From: Ben Goertzel (firstname.lastname@example.org)
Date: Wed Feb 23 2005 - 12:36:49 MST
> Now, lets say that AI0 and AI1 are both evaluating an improved
> system, AI'.
> If AI0 accepts AI', that implies that, to the best of its knowledge, AI'
> will not only be nice to puppies, but lead to puppy-niceness
> going forward
> in time as well (possible including any future AI''s). Now, a subgoal of
> this should be the ITSSIM property "I will only take an action if I can
> prove that it is expected not to decrease safety.", because
> decreased safety
> (in the ITSSIM sense) should clearly lead to decreased
> puppy-niceness over
> the future course of the universe.
This latter sentence is the part of your argument I don't agree with.

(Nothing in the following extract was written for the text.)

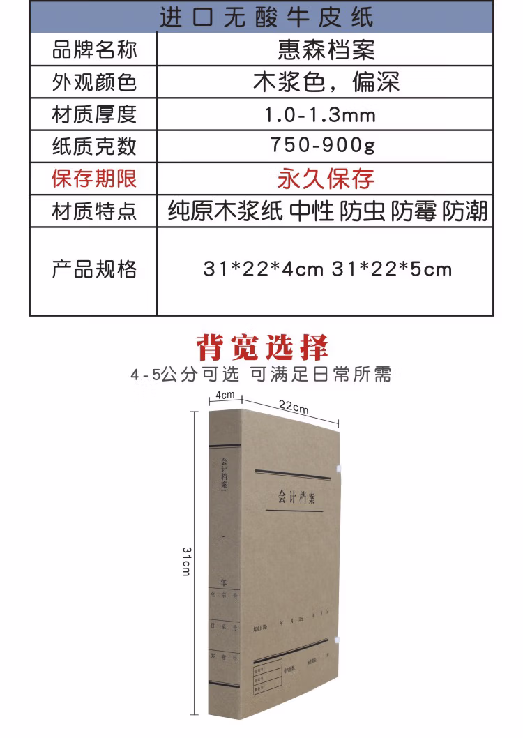 商品名称:惠森档案 会计档案盒 市标会计档案盒 A4会计凭证 档案盒 会计专用档案盒 凭证资料收纳盒 A4会计 5cm 国标会计 10个装

It is not clear that decreased safety on the part of the AI is necessarily
going to decrease puppy-niceness.
It could well be that the AI can prove that the way for it to maximize
expected puppy-niceness is for it to take a big risk by no longer being so
methodical -- by giving up on preceding each of its actions with a formal
proof, and just devoting its time to helping puppies rather than to proving
each of its actions. In fact it will usually be the case that most goals
can be achieved better, on average, without going through so much formal
The purpose of ITSSIM is to prevent such decisions. The purpose of the
fancy "emergency" modifications to ITSSIM is to allow it to make such an
decision in cases of severe emergency.
A different way to put your point, however, would be to speak not just about
averages but also about extreme values. One could say "The AI should act in
such a way as to provably increase the expected amount of puppy-niceness,
and provably not increase the odds that the probability of puppy-niceness
falls below 5%." That would be closer to what ITSSIM does: it tries to
mitigate against the AI taking risks in the interest of maximizing expected
The problem is that this relies really heavily on the correct generalization
of puppy-niceness. Note that ITSSIM in itself doesn't rely on
generalization very heavily at all -- the only use of generalization is in
the measurement of "amounts of knowledge." I think that a safety mechanism
that relies heavily on the quality of generalization is, conceptually at
least, less safe than one that doesn't. Of course this conclusion might be
disproven once we have a solid theoretical understanding of this type of
generalization. I see no choice but to rely heavily on generalization in
the context of "emergency measures", though, unfortunately...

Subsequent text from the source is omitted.